▶ _WORK INSTRUCTION_
Only the lines from the top of the listing below through the line containing "圖為(wei) 西藏自治區農(nong) 牧科學院草業(ye)" should be output, exactly and with no pictures.

▶ _DATASET EXCERPTS_

:::::

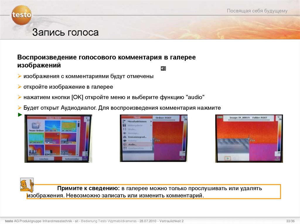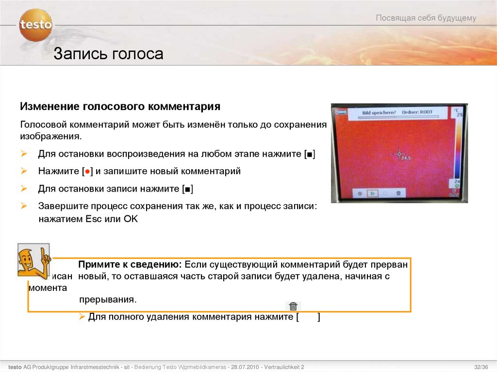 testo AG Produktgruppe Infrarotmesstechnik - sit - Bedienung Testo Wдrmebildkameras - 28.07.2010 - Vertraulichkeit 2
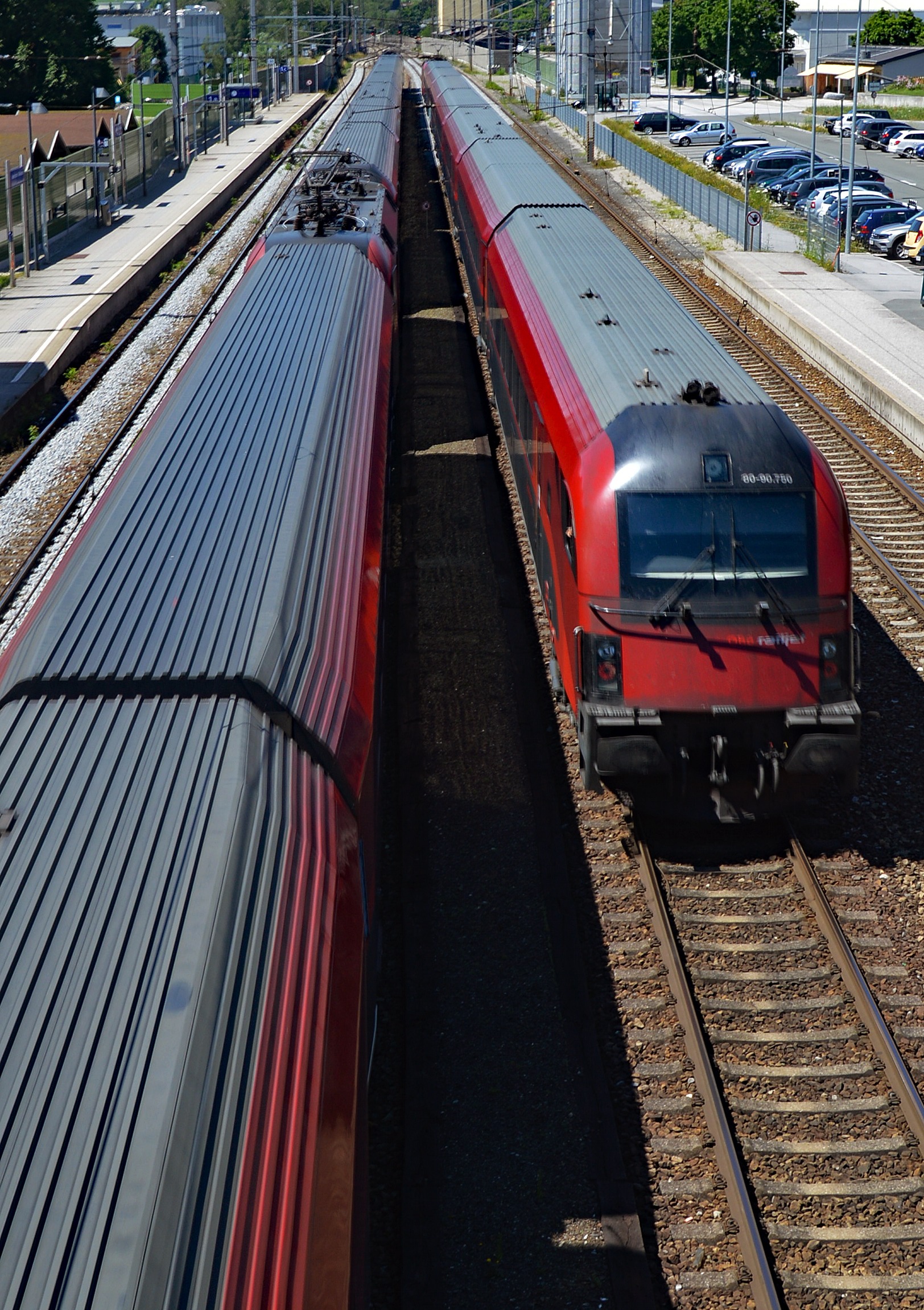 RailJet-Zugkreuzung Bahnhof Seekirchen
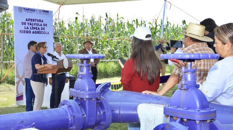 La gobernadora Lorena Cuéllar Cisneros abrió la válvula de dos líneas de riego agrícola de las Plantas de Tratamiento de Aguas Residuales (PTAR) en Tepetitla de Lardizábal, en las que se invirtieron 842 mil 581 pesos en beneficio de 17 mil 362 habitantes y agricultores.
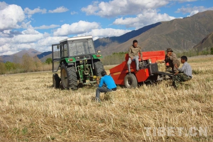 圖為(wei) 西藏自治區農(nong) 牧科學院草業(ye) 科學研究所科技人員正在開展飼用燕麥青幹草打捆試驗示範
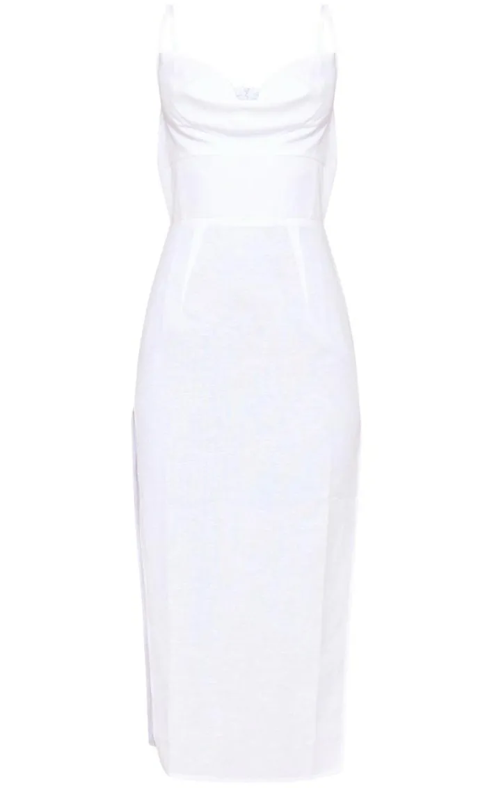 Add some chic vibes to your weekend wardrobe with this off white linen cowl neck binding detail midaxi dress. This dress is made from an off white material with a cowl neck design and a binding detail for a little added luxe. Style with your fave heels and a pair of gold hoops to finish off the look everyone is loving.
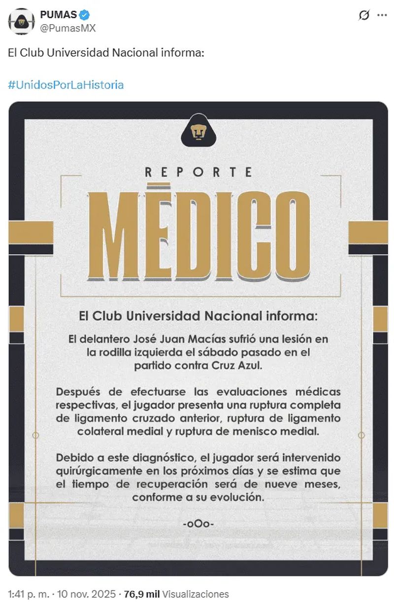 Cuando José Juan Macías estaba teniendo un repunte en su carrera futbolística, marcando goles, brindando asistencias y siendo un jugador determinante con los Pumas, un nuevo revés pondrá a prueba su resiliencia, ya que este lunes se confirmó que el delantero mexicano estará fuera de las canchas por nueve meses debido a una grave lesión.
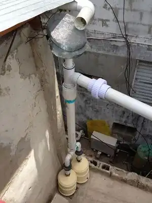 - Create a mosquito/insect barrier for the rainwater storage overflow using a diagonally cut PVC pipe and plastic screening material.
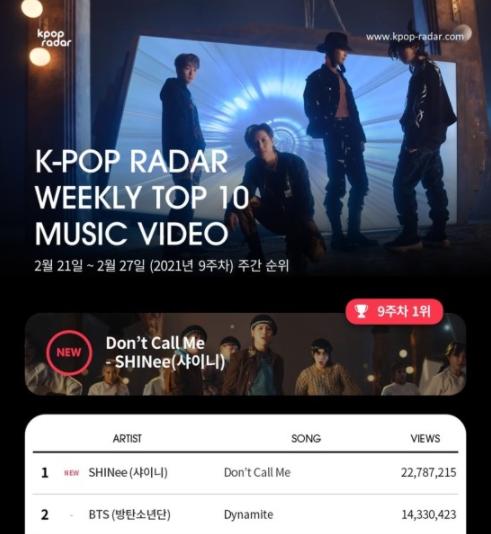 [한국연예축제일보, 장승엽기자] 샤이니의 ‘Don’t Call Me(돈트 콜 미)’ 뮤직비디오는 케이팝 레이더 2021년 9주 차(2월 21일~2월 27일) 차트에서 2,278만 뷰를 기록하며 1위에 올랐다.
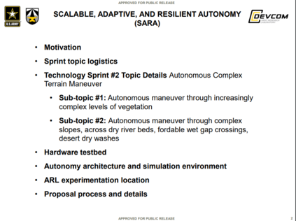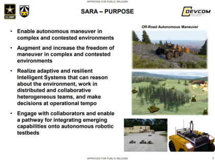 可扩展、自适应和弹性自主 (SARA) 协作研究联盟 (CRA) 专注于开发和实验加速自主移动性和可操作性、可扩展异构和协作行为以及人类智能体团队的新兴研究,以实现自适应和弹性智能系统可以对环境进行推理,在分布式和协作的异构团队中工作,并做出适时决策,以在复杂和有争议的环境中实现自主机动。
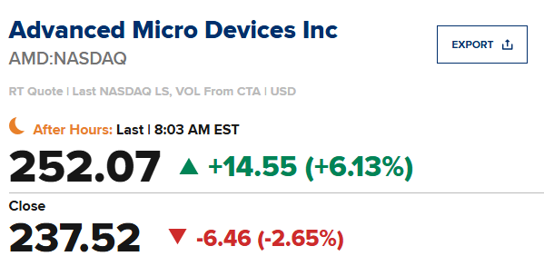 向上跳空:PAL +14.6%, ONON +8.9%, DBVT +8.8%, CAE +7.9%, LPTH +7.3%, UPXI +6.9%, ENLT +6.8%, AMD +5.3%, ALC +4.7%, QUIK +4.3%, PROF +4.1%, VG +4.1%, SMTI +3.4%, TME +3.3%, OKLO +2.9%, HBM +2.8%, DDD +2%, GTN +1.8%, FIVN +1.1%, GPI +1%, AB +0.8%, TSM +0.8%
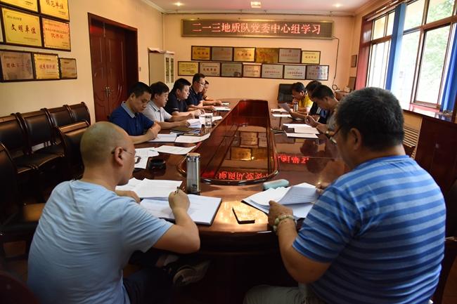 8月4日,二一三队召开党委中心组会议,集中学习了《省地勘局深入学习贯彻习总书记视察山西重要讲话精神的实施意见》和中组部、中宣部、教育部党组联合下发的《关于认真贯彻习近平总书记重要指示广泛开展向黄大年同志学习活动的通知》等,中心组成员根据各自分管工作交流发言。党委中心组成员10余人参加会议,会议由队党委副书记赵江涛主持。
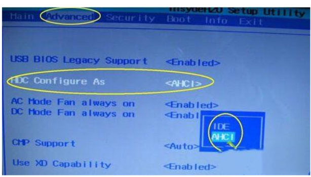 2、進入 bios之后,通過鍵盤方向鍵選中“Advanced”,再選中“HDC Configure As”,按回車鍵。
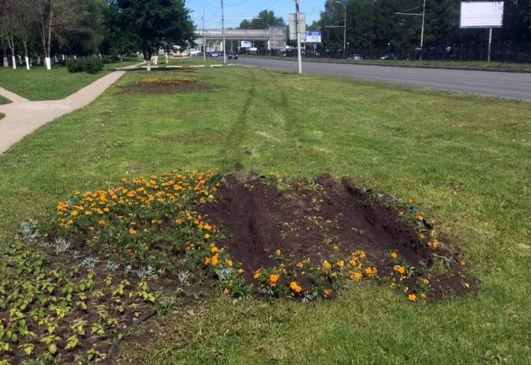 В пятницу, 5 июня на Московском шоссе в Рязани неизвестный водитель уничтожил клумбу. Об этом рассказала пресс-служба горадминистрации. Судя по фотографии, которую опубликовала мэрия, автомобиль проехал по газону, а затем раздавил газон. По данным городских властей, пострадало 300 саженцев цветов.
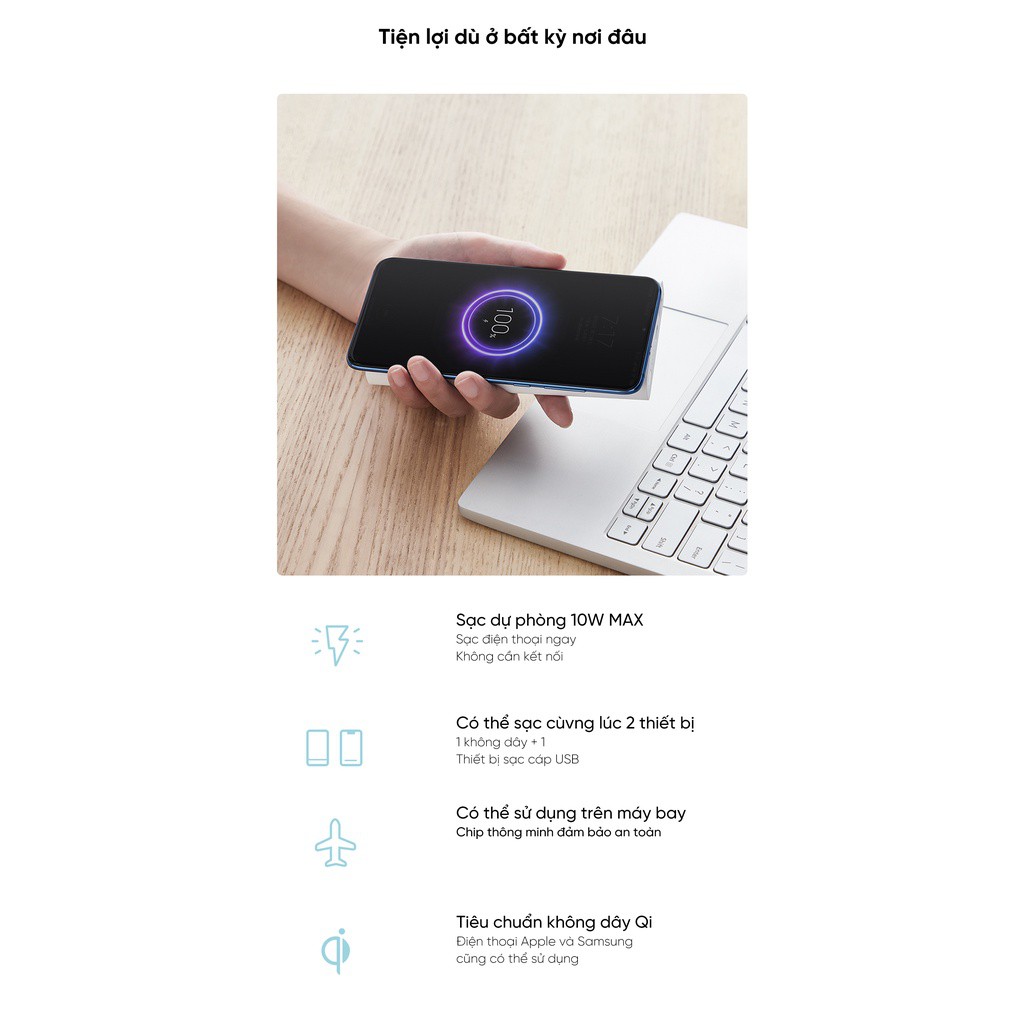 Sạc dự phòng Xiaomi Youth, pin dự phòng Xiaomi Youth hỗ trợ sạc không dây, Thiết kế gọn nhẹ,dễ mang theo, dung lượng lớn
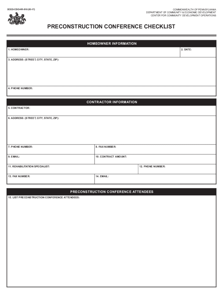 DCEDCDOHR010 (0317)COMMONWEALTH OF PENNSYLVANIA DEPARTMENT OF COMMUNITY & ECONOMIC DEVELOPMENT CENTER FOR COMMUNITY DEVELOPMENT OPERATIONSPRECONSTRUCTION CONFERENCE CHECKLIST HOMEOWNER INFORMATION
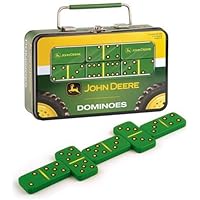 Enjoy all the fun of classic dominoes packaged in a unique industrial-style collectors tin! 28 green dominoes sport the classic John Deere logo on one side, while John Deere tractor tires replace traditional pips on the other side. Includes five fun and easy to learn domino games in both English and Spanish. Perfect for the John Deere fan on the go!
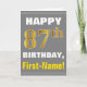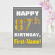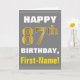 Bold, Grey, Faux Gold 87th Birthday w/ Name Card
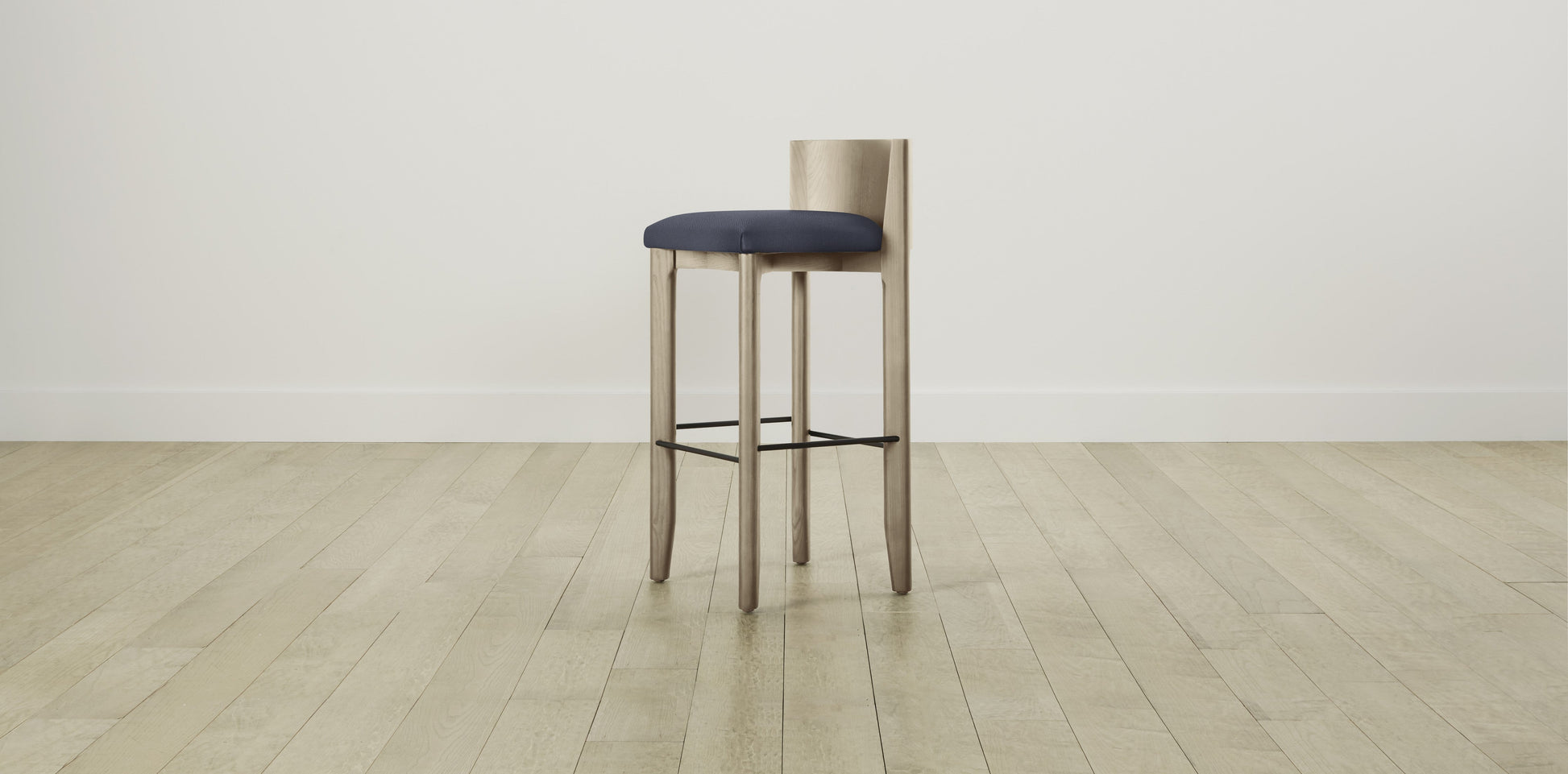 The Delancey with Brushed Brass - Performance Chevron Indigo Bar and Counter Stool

:::::

▶ _EXERCISE ANSWER_
 testo AG Produktgruppe Infrarotmesstechnik - sit - Bedienung Testo Wдrmebildkameras - 28.07.2010 - Vertraulichkeit 2
 RailJet-Zugkreuzung Bahnhof Seekirchen
 La gobernadora Lorena Cuéllar Cisneros abrió la válvula de dos líneas de riego agrícola de las Plantas de Tratamiento de Aguas Residuales (PTAR) en Tepetitla de Lardizábal, en las que se invirtieron 842 mil 581 pesos en beneficio de 17 mil 362 habitantes y agricultores.
 圖為(wei) 西藏自治區農(nong) 牧科學院草業(ye) 科學研究所科技人員正在開展飼用燕麥青幹草打捆試驗示範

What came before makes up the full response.